__Records to process__.
━━━━━━━━

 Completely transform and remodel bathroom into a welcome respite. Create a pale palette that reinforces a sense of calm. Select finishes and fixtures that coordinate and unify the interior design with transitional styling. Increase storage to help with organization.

━━━━━━━━

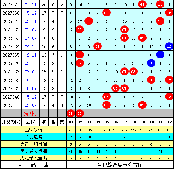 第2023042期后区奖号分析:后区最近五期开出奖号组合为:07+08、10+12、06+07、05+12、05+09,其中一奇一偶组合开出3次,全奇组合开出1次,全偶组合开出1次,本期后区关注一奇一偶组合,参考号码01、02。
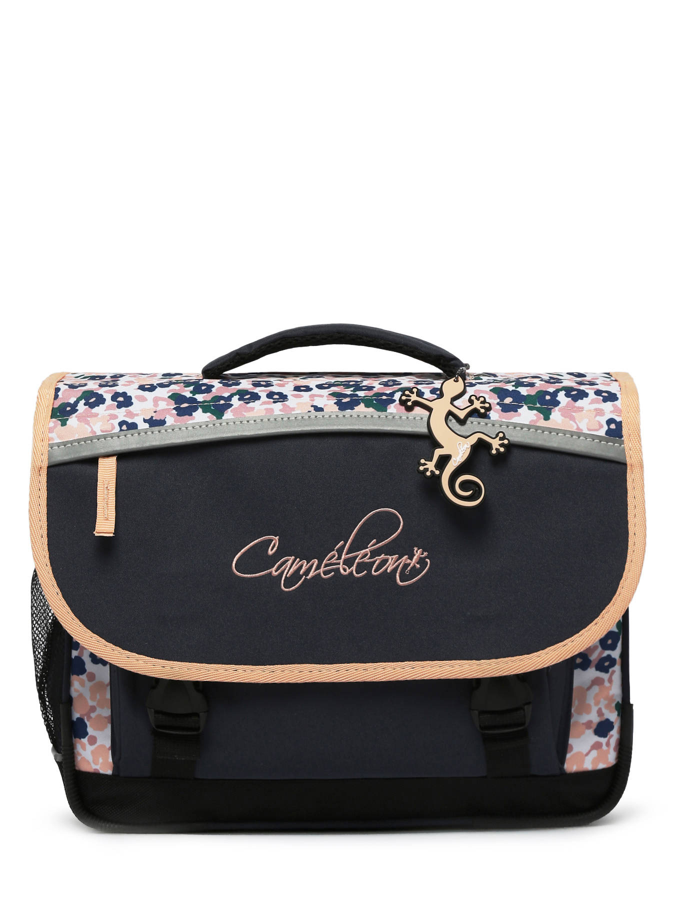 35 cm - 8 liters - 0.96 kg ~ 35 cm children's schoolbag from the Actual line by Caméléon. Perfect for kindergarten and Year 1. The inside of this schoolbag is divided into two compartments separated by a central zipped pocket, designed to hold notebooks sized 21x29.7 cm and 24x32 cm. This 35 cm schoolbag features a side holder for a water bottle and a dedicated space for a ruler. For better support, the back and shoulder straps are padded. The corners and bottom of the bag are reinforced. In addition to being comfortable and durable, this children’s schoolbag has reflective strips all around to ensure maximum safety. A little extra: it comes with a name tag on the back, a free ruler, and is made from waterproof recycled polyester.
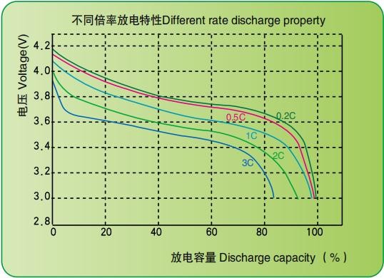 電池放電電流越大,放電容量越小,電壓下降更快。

━━━━━━━━

__Problem details__.
Although the records above contain pictures, the copy must not; set down exactly the lines from the one with "35 cm - 8 liters" up to and including the one with "電池放電電流越大,放電容量越小,電壓下降更快。".

__Exercise solution__.
 35 cm - 8 liters - 0.96 kg ~ 35 cm children's schoolbag from the Actual line by Caméléon. Perfect for kindergarten and Year 1. The inside of this schoolbag is divided into two compartments separated by a central zipped pocket, designed to hold notebooks sized 21x29.7 cm and 24x32 cm. This 35 cm schoolbag features a side holder for a water bottle and a dedicated space for a ruler. For better support, the back and shoulder straps are padded. The corners and bottom of the bag are reinforced. In addition to being comfortable and durable, this children’s schoolbag has reflective strips all around to ensure maximum safety. A little extra: it comes with a name tag on the back, a free ruler, and is made from waterproof recycled polyester.
 電池放電電流越大,放電容量越小,電壓下降更快。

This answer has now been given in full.